Source data:

____

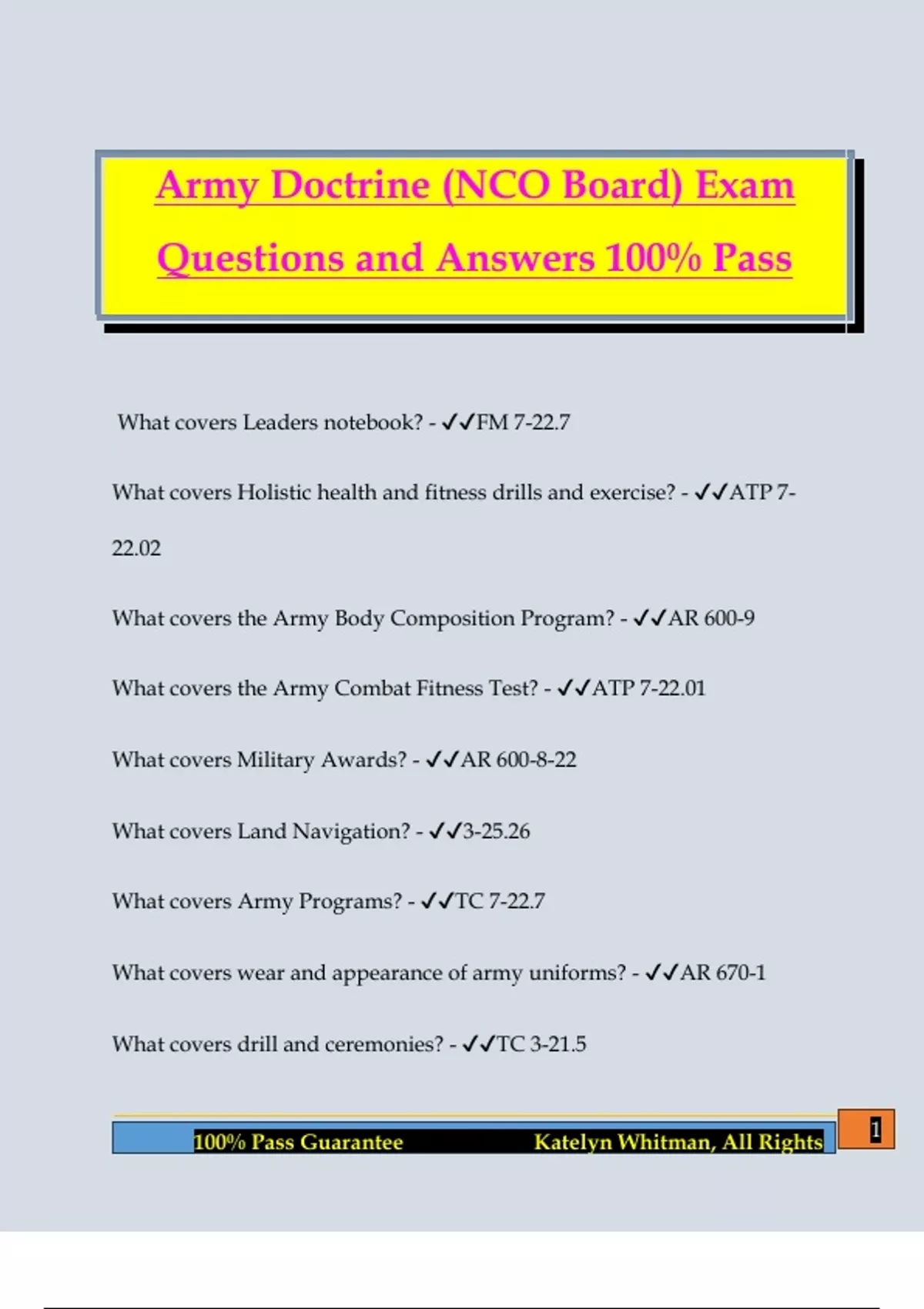 Army Doctrine (NCO Board) Exam Questions and Answers 100% Pass What covers Leaders notebook? - FM 7-22.7 What covers Holistic health and fitness drills and exercise? - ATP 7- 22.02 What covers the Army Body Composition Program? - AR 600-9 What covers the Army Combat Fitness Test? - ATP 7-22.01 What covers Military Awards? - AR 600-8-22 What covers Land Navigation? - 3-25.26 What covers Army Programs? - TC 7-22.7 What covers wear and appearance of army
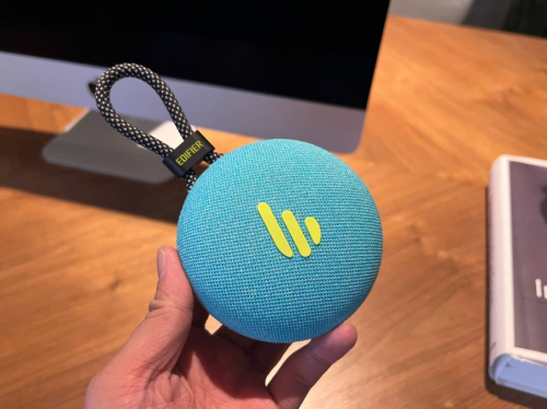 这款蓝牙音箱体积紧凑小巧,重量只有185g,单只手掌刚好可以完整的握住它,扁圆形的设计也更容易手持,为了更加方便户外携带,还设计了一个非常有质感的编织挂绳,整体的便携性很不错。
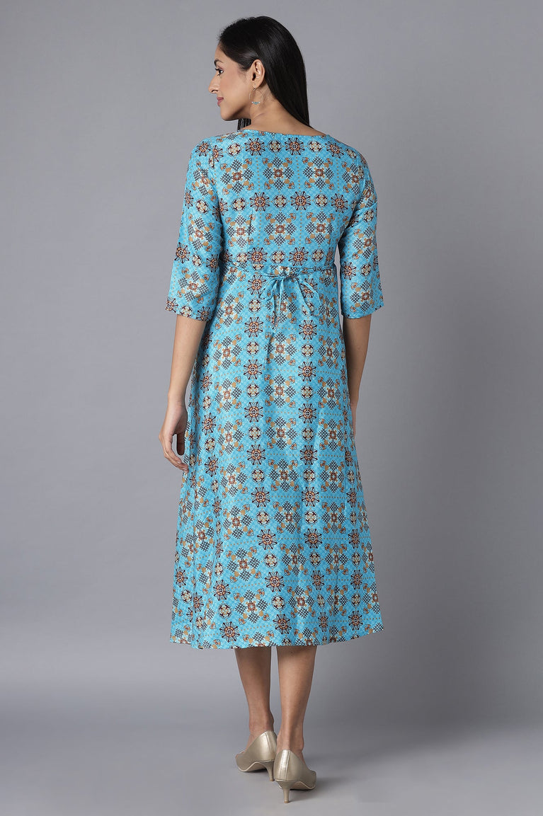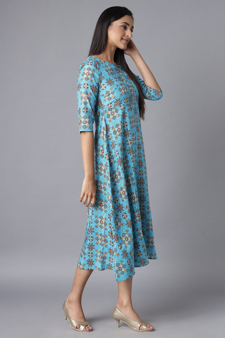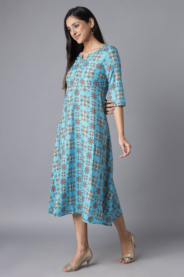 Pagoda blue printed kurta in round neck and three-quarter sleeves.
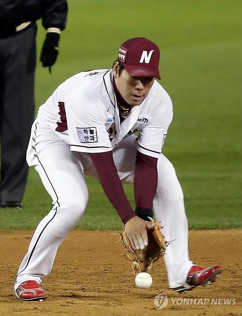 | ▲  In this file photo from Nov. 11, 2014, Kang Jung-ho of the Nexen Heroes commits an error in the top of the fourth inning of Game 6 of the Korean Series against the Samsung Lions at Jamsil Baseball Stadium in Seoul. (Yonhap) |
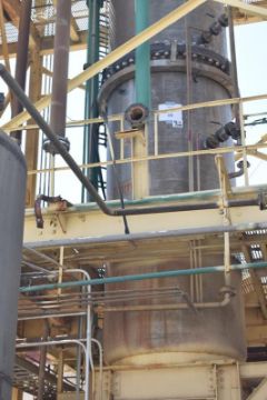 ABSORTION COLUMN , CAPACITY: 23.58 m3 (BODY AND COVER), STAINLESS STEEL ASTM-240 TYPE 430 MANUFACTURED, DIMENSIONS: 1657.4 MM DIAM X 11688.8 MM HEIGHT, THICKNESS: 5/8", 3 SECTIONS, NUMBER OF DISHES: 35, STAINLESS STEEL MANUFACTURED, 1657 MM DIAM., WITH 3/4" COIL, CED. 40, DESIGN PRESSURE 125 PSI., EMPTY WEIGHT: 19,731.3 Kg.; (TAG: NO. 2). LOCATION: DINAMITA GOMEZ PALACIOS, DURANGO
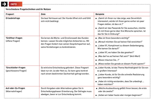 Mit einem klaren Ziel vor Augen wird auch Ihre Sprache und Kommunikation zielführend, klar und verbindlich. Hierzu gehört die geeignete Fragetechnik. Weitere Ausführungen hierzu finden Sie auch im Infokasten Fragetechniken.
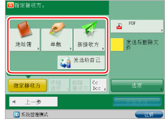 如果“设置/注册”中[功能设置]的[限制新接收方]中的接收方类型设置为“打开”,则不能在[新接收方]中输入该类型的新接收方。使用[地址簿]中的“本地地址簿”、“远程地址簿”、“LDAP服务器”或按[单触]中的单触按钮选择一个已存储的接收方。 (See "限制发送功能.")
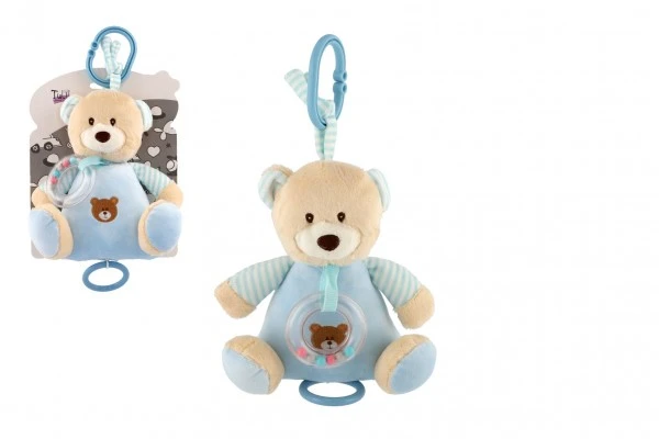 Naťahovací plyšový medvedík hrá príjemnú melódiu, ktorá bábätko upokojí a pomáha mu pri zaspávaní. Medvedík má pri krku hrkálku a možno ho zavesiť za pomoci klipu.
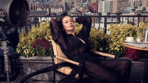 O terasă care oferă o priveliște superbă a New York-ului, un interior decorat cu stil, orhidee în fiecare cameră. Într-una din fotografii, actrița pozează teatral pe terasă, așezată pe un un scaun de exterior, lângă măsuța la care își bea cafeaua dimineața. Îmbrăcată în pijamale din satin violet, Catherine stă cu ochii închiși și cu mâinile la ceafă.Livingul e dominat de culori tomnatice, cu canapele bej, pereți într-o nuanță de muștar și covoare ruginii, în timp ce ferestrele oferă o panoramă a orașului. Holul, în schimb, este decorat modern, cu pereți albi și lambriuri din lemn negru, pardoseală din gresie și candelabre aurii. Nu lipsește și un cadru din "comoara" ei impresionantă, colecția de pantofi și cizme, aranjată în funcție de culori și dimensiunile tocurilor. sursa
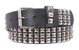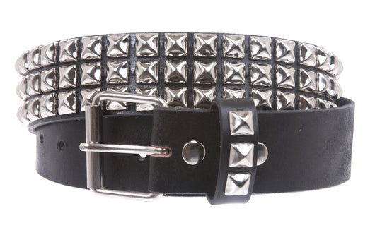 - This classic silver pyramids punk rock studs belt is made of 100% leather for durability and long lasting; This belt features the most popular three rows of silver color punk rock star metal studded hardware and also removable roller buckle with snap on feature which allows you to switch most buckles.
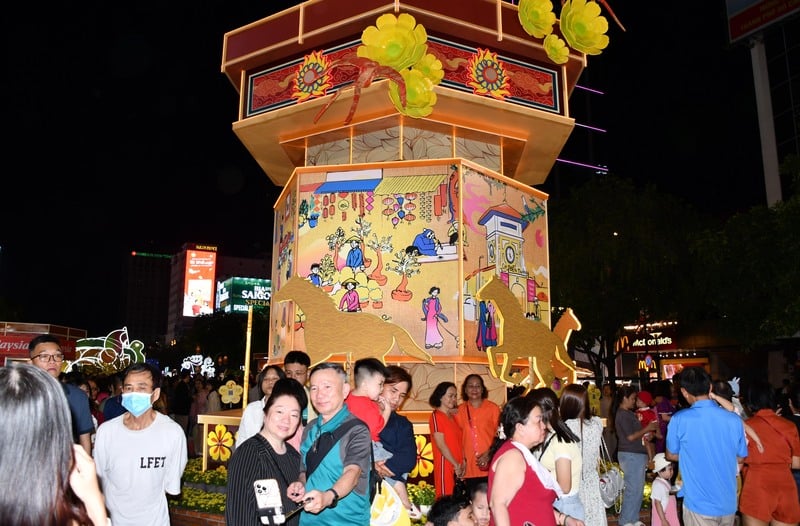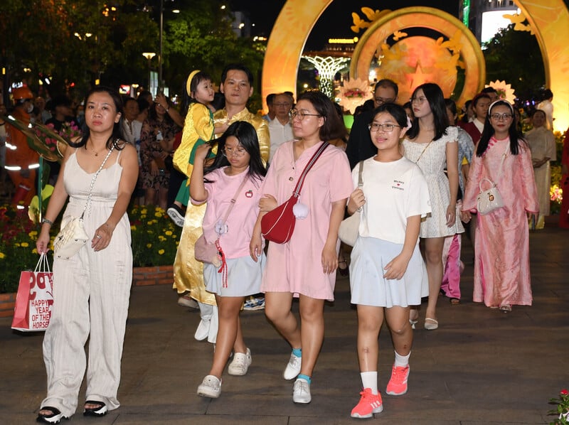 Đường hoa Nguyễn Huệ Tết Bính Ngọ phục vụ người dân tham quan, thưởng ngoạn đến 21 giờ ngày 22/2/2026 (mùng 6 tết Bính Ngọ). Ảnh: Minh Khuê.
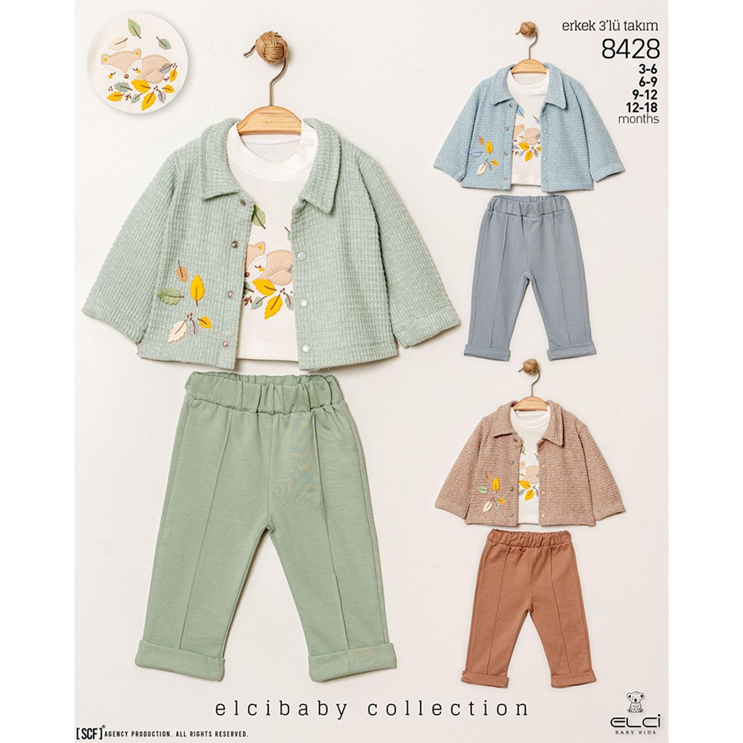 Elci 8428 Erkek Bebe Sevimli Kedi Nakışlı 3 Lü Takım 3-18 Ay
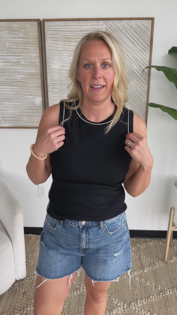 Black Long Sleeve Cable Knit 1/2 Button Top
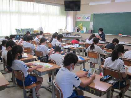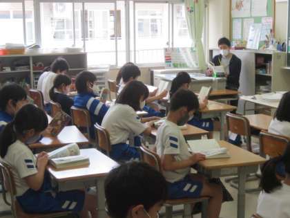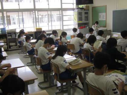 木曜日の1時間目は、全校で10分間の読書タイムです。先生も一緒に読書に親しんでいます。
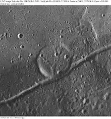 Brackett is a small lunar impact crater that lies near the southeast edge of Mare Serenitatis. The crater is named after American physicist Frederick Sumner Brackett.[1] The crater has been covered by lava flow, leaving only a ring-shaped trace in the surrounding lunar mare. This crater is best observed under oblique illumination, as it is otherwise difficult to find. The southern rim is almost contacting a rille system named the Rimae Plinius.

____

Problem description:
Repeat the records exactly but leave out the images.

Written solution:
 Army Doctrine (NCO Board) Exam Questions and Answers 100% Pass What covers Leaders notebook? - FM 7-22.7 What covers Holistic health and fitness drills and exercise? - ATP 7- 22.02 What covers the Army Body Composition Program? - AR 600-9 What covers the Army Combat Fitness Test? - ATP 7-22.01 What covers Military Awards? - AR 600-8-22 What covers Land Navigation? - 3-25.26 What covers Army Programs? - TC 7-22.7 What covers wear and appearance of army
 这款蓝牙音箱体积紧凑小巧,重量只有185g,单只手掌刚好可以完整的握住它,扁圆形的设计也更容易手持,为了更加方便户外携带,还设计了一个非常有质感的编织挂绳,整体的便携性很不错。
 Pagoda blue printed kurta in round neck and three-quarter sleeves.
 | ▲  In this file photo from Nov. 11, 2014, Kang Jung-ho of the Nexen Heroes commits an error in the top of the fourth inning of Game 6 of the Korean Series against the Samsung Lions at Jamsil Baseball Stadium in Seoul. (Yonhap) |
 ABSORTION COLUMN , CAPACITY: 23.58 m3 (BODY AND COVER), STAINLESS STEEL ASTM-240 TYPE 430 MANUFACTURED, DIMENSIONS: 1657.4 MM DIAM X 11688.8 MM HEIGHT, THICKNESS: 5/8", 3 SECTIONS, NUMBER OF DISHES: 35, STAINLESS STEEL MANUFACTURED, 1657 MM DIAM., WITH 3/4" COIL, CED. 40, DESIGN PRESSURE 125 PSI., EMPTY WEIGHT: 19,731.3 Kg.; (TAG: NO. 2). LOCATION: DINAMITA GOMEZ PALACIOS, DURANGO
 Mit einem klaren Ziel vor Augen wird auch Ihre Sprache und Kommunikation zielführend, klar und verbindlich. Hierzu gehört die geeignete Fragetechnik. Weitere Ausführungen hierzu finden Sie auch im Infokasten Fragetechniken.
 如果“设置/注册”中[功能设置]的[限制新接收方]中的接收方类型设置为“打开”,则不能在[新接收方]中输入该类型的新接收方。使用[地址簿]中的“本地地址簿”、“远程地址簿”、“LDAP服务器”或按[单触]中的单触按钮选择一个已存储的接收方。 (See "限制发送功能.")
 Naťahovací plyšový medvedík hrá príjemnú melódiu, ktorá bábätko upokojí a pomáha mu pri zaspávaní. Medvedík má pri krku hrkálku a možno ho zavesiť za pomoci klipu.
 O terasă care oferă o priveliște superbă a New York-ului, un interior decorat cu stil, orhidee în fiecare cameră. Într-una din fotografii, actrița pozează teatral pe terasă, așezată pe un un scaun de exterior, lângă măsuța la care își bea cafeaua dimineața. Îmbrăcată în pijamale din satin violet, Catherine stă cu ochii închiși și cu mâinile la ceafă.Livingul e dominat de culori tomnatice, cu canapele bej, pereți într-o nuanță de muștar și covoare ruginii, în timp ce ferestrele oferă o panoramă a orașului. Holul, în schimb, este decorat modern, cu pereți albi și lambriuri din lemn negru, pardoseală din gresie și candelabre aurii. Nu lipsește și un cadru din "comoara" ei impresionantă, colecția de pantofi și cizme, aranjată în funcție de culori și dimensiunile tocurilor. sursa
 - This classic silver pyramids punk rock studs belt is made of 100% leather for durability and long lasting; This belt features the most popular three rows of silver color punk rock star metal studded hardware and also removable roller buckle with snap on feature which allows you to switch most buckles.
 Đường hoa Nguyễn Huệ Tết Bính Ngọ phục vụ người dân tham quan, thưởng ngoạn đến 21 giờ ngày 22/2/2026 (mùng 6 tết Bính Ngọ). Ảnh: Minh Khuê.
 Elci 8428 Erkek Bebe Sevimli Kedi Nakışlı 3 Lü Takım 3-18 Ay
 Black Long Sleeve Cable Knit 1/2 Button Top
 木曜日の1時間目は、全校で10分間の読書タイムです。先生も一緒に読書に親しんでいます。
 Brackett is a small lunar impact crater that lies near the southeast edge of Mare Serenitatis. The crater is named after American physicist Frederick Sumner Brackett.[1] The crater has been covered by lava flow, leaving only a ring-shaped trace in the surrounding lunar mare. This crater is best observed under oblique illumination, as it is otherwise difficult to find. The southern rim is almost contacting a rille system named the Rimae Plinius.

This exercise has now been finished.